En effet, la définition du territoire renvoie à trois éléments principaux : un espace physique qui constitue la base ou le support (1), un cadre de vie et d’activités humaines permanent (2), et une configuration (limite) plus ou moins admise consensuellement par tous (3). Dans notre terrain d’étude, les villages semblent bien révéler ce qui est défini ci-haut comme territoire. Car ce sont des espaces concrets, produits et interprétés au travers des pratiques et la représentation. Ils peuvent également rejoindre la définition de l’espace géographique que Di Méo (1987) donne comme étant «une combinaison spontanée d’espace existentiel et d’espace social ». Pour clarifier les

relations des groupes sociaux à l’espace, il nous faut retenir la définition du territoire qu’en donne le géographe Le Berre (1992) qui le définit comme «portion de la surface terrestre sur laquelle s’exercent des conflits en vue d’assurer sa domination». Dans cette définition, le territoire est une aire géographique délimitée par des frontières où s’exerce la domination d’un groupe social sur les autres. Mais dans le cadre du pastoralisme dont il est question dans ce document, la notion de territoire n’est pas réductible à sa acception politique définie ci haut, laquelle, selon les catégories occidentales, implique l’existence de frontières au sein desquelles s’exerce la souveraineté d’un groupe sur un espace précisément délimité. Le territoire pastoral incorpore des données matérielles, à savoir l’espace nécessaire à la réalisation d’un cycle annuel de production soumis aux aléas climatiques, et des données immatérielles, voire imaginaires. Dans le cadre du pastoralisme donc, la territorialité fait l’objet de définitions circonstancielles et temporaires (Bourgeot, 1999). Nous préférerons dans la suite de nos travaux la notion de parcours (ou terrain de parcours) qui semble probablement mieux adaptée car ayant un contour flou que celle du territoire qui recèle de fortes connotations politiques.

Quant à la notion du terroir, Jouve (1996) distingue trois définitions différentes selon les disciplines qui apparaissent dans la littérature ou dans les projets de développement :

• En agronomie, la notion de terroir désigne une unité de milieu naturel exploitée de manière homogène.

• Les géographes considèrent le terroir comme l’ensemble de l’espace aménagé et exploité par une communauté villageoise.

• En science sociale, le terroir correspond à un espace socialement défini, comprenant un ensemble de ressources et de droits associés à ces ressources, et à l’intérieur duquel une communauté particulière est supposée satisfaire à la plupart de ses besoins.

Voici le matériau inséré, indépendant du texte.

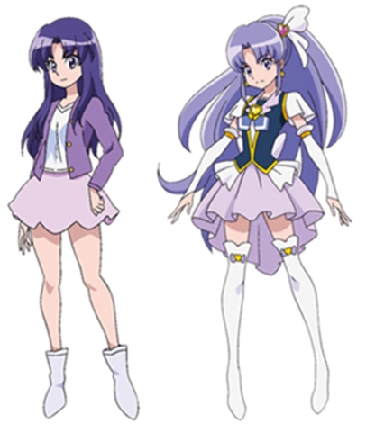 As Cure Fortune, her uniform is similar to the other three Cures, with a dark grey vest with a light purple collar and a darker purple ribbon in the front. Her skirt is also light purple and is longer toward the back. Her arm warmers and boots are also very long, going past her elbows and knees respectively. Her hair is purple and appears to be in a loose ponytail, with a heart-shaped hairpiece with a ribbon flowing out of it on the left side.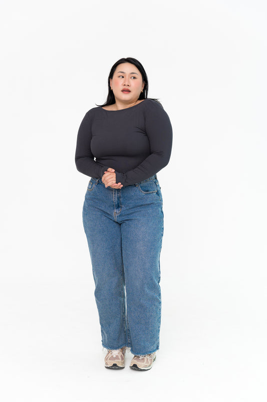 Boat Neck Long Sleeve in Charcoal

La dernière définition nous parait assez complète car, bien qu’elle renvoie à un même espace que la deuxième définition, elle précise en plus la présence d’un espace-ressource et les règles de sa gestion. Elle correspond donc bien au sens que nous donnons à la notion de terroir villageois dans ce document. Cependant, comme la notion du territoire, la façon dont les sociétés pastorales perçoivent et se représentent leur

milieu nous permet de dire qu’un terroir villageois ne signifie pas la même chose qu’un espace pastoral. Toutefois, en zone de savane avec la réduction de l’amplitude des mouvements de transhumance suite à la restriction des espaces pastoraux par les activités agricoles, il y a une tendance d’évolution vers l’agro-pastoralisme qui se caractérise par la combinaison d’un habitat fixe et d’un habitat mobile. Ce qui se traduit concrètement par la fixation d’une partie de la famille tout en maintenant la mobilité du troupeau. Ce type d’évolution du pastoralisme nomade, difficilement généralisable justifie la notion de « terroir d’attache » qui est une base de territorialité implicitement reconnue localement dans le domaine pastoral (cf. foncier pastoral chapitre 4).